Problem is in the Brain

In the study of the brain, India’s best contribution was its Yogic system. The ancient scientists had discovered the importance of oxygen in maintaining a healthy nervous system. They had, therefore, worked out the close-circuit communication network, connecting the brain with the entire length of the body through the spinal cord. The ancient scientists (rishis) were on the right path when they prescribed shirsha-aasan (standing on the head) for a healthy nervous system without resorting to drugs or external stimulants. But they did not have advantage of modern electronic instrumentation to penetrate the inner-self of the body. They had mostly to rely on observation of the exterior body structure and guess work. Today’s researchers confirm that the nerve cells grow according to the direction received from the nerve growth factor (NGF) and the cells compete for food chemicals provided through the protein.

French embryologist Nicole Le Douarin’s findings, as reported in the New Scientist confirmed that the social-cultural environment and food protein had decisive influence in determining development of brain cells. The cell changes its properties in response to messages and characteristics of electrical activity of chemicals secreted by its neighbouring cells. This may be called “adjacency effect” which means that the environment which includes the cumulative effect of social forces, as well as the chemical reaction of protein in one’s neighbouring environment becomes the decisive factor in the development of our self. For example, the neurons in an embryo, which are only a few micrometres across, have to swim several centimeters to link the spinal cord with muscles in the toes.

Since the early 1970s there had been thousands of cases of grafting, but mostly of the heart, kidney or bone marrow from living or dead donor, usually a mature adult. But the question of brain transplant is an entirely different matter, because the brain is a complex conglomerate of about 10 billion cells interconnected with long fibres of axons, which provide close-circuit communication, linking the entire network of our body communication system including our memory, self-identity and personality growth since conception, called the nervous system. Once disconnected, the brain cells would not survive a grafting operation. Nor can they survive the death of the donor as is the case with eyes or kidneys.

Much more seriously is the threat to the wellbeing of the donor because any tampering of the brain cell affects the totality of the person. Even a brief stoppage of oxygen for a few moments can badly damage the brain cells, causing immediate paralysis. The doctors can keep a heart patient alive artificially, but to make a brain-dead alive artificially is not feasible. This is because unlike other tissues in our body, the brain cells are fully matured at birth. They can increase their numbers by dividing only during the development of the foetus inside the mother’s womb. They can grow to any distance and make new connections but only during the development of the foetus. The brain researchers have, therefore, conducted experiments in grafting tissues from the brains of rat-foetuses into adult rats. Since the cells in the foetuses are not yet fully matured and, therefore, expected to continue the process of establishing connections, it was likely that the young tissues can still have the capacity to divide themselves, and grow into the host’s brain cells.

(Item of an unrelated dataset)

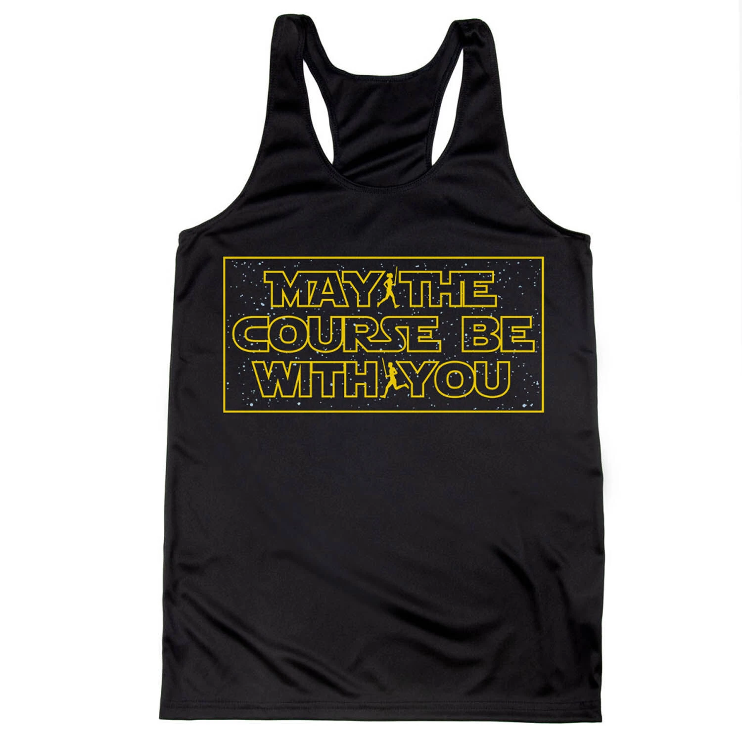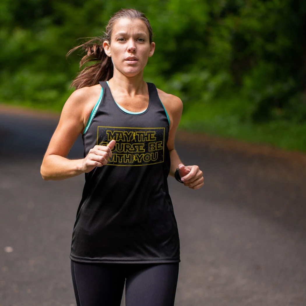 May the Course Be with You in our women’s racerback performance tank top featuring an exclusive running design. Our racerback scoop neck tank is made from 100% polyester to keep runners dry and cool. This performance tank offers a comfortable and A-line fit that pairs great with any choice of bottoms from leggings and athletic tights to jeans and shorts. This stylish tank is perfect for magical races, everyday wear, and an ideal running gift for any occasion.

But identifying the brain cells is the most difficult task, because the cells have variety of shapes and sizes, depending on the region of the brain and the job it has to perform in the nervous system. Each brain cell is identified by its specific chemical number. They communicate with each other, in the vast nervous system of billions of neurons, by releasing a chemical, called neurotransmitter which the receiving cell accepts through a specialized molecule,

The most challenging problem before neuroscientists is to map this complex chemical communicating system, and number the billion cells and their matching appropriate receptors. Unlike the eye or kidney, the brain consists of interconnected circuits that help each other’s activity. And, therefore when one circuit is damaged, other connected circuits would also be affected and misfunction, even if they are not damaged. For the brain surgeons, therefore, it is necessary to replace the whole defective circuit in order to restore the entire nervous system of our body. Researchers, however, hope to apply Nano-Science technology to handle the nervous system enclosed in the network of neuronic human brain. But the Nano Sciences are not expected to be developed before 2050.

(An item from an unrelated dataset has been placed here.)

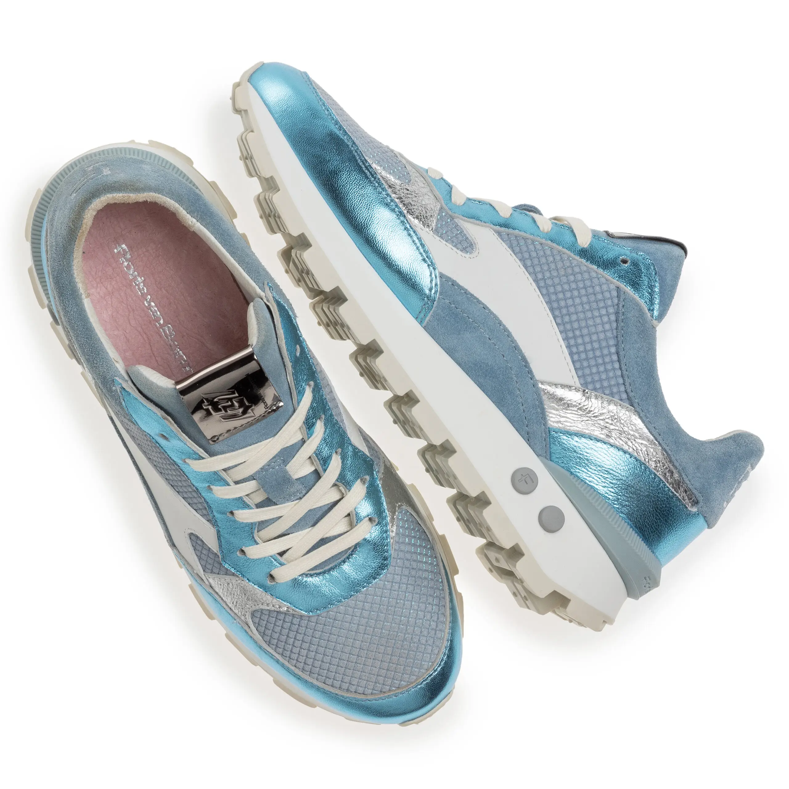Artikelnummer SFW-10098-42-01 Blokki 04.09 Kleur Blauw (lightblue) Materiaal metallic leer-mesh Voering Leer Zooltype Rubber Leest & wijdte 7695 G Maakwijze AGO Uitneembaar voetbed Ja

When brain grafting becomes possible, we will be able to overcome the so far incurable diseases which cause irreparable damage to a specific region inside the brain. Among the most dreaded brain illnesses are Parkinson’s disease which affects the functioning of our muscles and Alzheimer’s disease which causes memory failure mostly in the elderly.

Whenever the brain tissues are deprived of oxygen, probably damage occurs in a specific region but it affects the whole system. In epilepsy, seizures begin with the functioning of nerves in a restricted area being hit, but it spreads to the entire nervous system and thus affects the whole body.